We’re offered any seat in the place, since we’re the only people there.  A booth on the right side is chosen, and the Asian lady, who is the only who says a word to us the entire visit, brings over menus and a table cloth, which is spread out for us even after I said it wasn’t necessary: it was absolutely necessary to her though.  I order sweet and sour chicken and beef low mien for us, and a few minutes later I can hear the distinct wack of a large butcher’s knife being slammed down onto a cutting board several times, which I assume was the chicken being taken apart.  I’m hoping, but not entirely convinced, that the first whack wasn’t the execution of said bird, although that would make it as fresh as you can get it.  I ask where the bathroom is and I’m told through the door, second on right.  As I go through the door I look in to a hallway, with two doors (women’s and men’s) on the right, and then further in a view of the kitchen, in which there was a slightly startled younger Asian guy sitting.  I learned later that this was Sam.  While the bathrooms are a part of the CSCs experience, I would suggest that they should only be considered a must by the completests only; while not dirty per-se, they definitely bring up images of mid-century gas station fare.

Lunch was eventually wheeled out on a cart and presented on metal serving dishes (!).  The beef low menu was probably the best best I’ve ever had.  It was, no hyperbole intended, incredible.  The sweet and sour chicken, however, was pedestrian at best; it really needed more taste to be honest.  The portions if each was enough for three people to eat well on.   But before I could dive in I had to have, wait for it, chopsticks!  The default eating utensiles, fork, spoon, knife, were all that was on the table. So I ventured to the back of the dining room where Miss Kitty had replanted herself and asked for a couple pairs of chopsticks.  This was met by a big smiling “CHOPSTICKS?!”, as if I was the first person in a decade to ask for them.  I verified that this was actually what I’d requested, after which she pulled herself up and shuffled (yes, I think that’s the right verb) all the way to the front counter (which I had missed when we came in, even though its right be the door), and managed to find two generic pairs of the namesake utensils for us.

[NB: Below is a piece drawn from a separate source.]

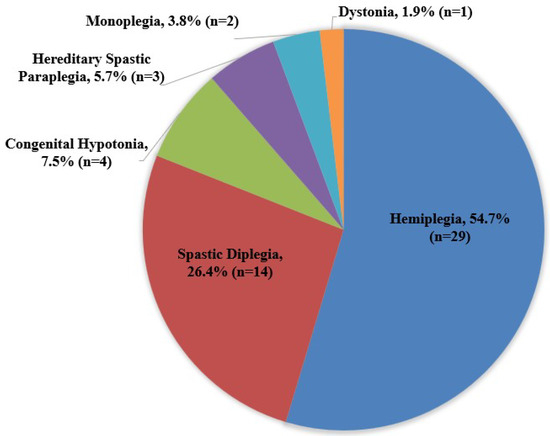 There were 53 children with CP (36 males and 17 females) and 58 TD children (34 males and 24 females). Physical characteristics, grades in school, and race/ethnicity are presented in Table 1. The fifty-three children with CP consisted of level I [N = 26 (49.1%)] and level II [N = 26 (49.1%)] of the GMFCS level, and there was one child with CP who did not wish to share this information [N = 1, (0.8%)]. Furthermore, clinical diagnoses of the children with CP were expressed in Figure 1.

At the end of the first half of the football game (which was extended by a flag and the ensuing untimed down), the TV went mute followed by Miss Kitty yelling three times “Sam!”, each time to no answer.  She eventually hoisted herself up and shuffled to the kitchen door and yelled for him again, then said something I couldn’t make out to him (it was probably not in English anyway) to him and returned to her seat and the TV sound came back to a normal volume.  A minute later “Sam” arrived at our table with a bag and to-go boxes.  Evidently Miss Kitty either sensed we were stuffed, or she was ready for us to go on our way.  I filled both boxes, paid in cash, and was on our way.

So, do I recommend Chopstick Charlie’s?  Yes, and no.  Yes if you love this kind of old Florida greasy chopstick kind of place.  Yes if you love beef low-mein.  Yes if you just want to see something like this while it still has life in it.  No if you’re a normal person…I could go on, but if you question whether you should, then the answer is probably “no” for you.  For now, enjoy the pics:

It occurred to me after I initially posted this that i didn’t even mention that I’d done a post on CSCs once before, in fact it was technically the first post for PGB!  There is a post that is dated earlier, on the Monroeville Mall, and the pics do date from before the CSC ones, but the post that started this whole thing was Chopstick Charlies.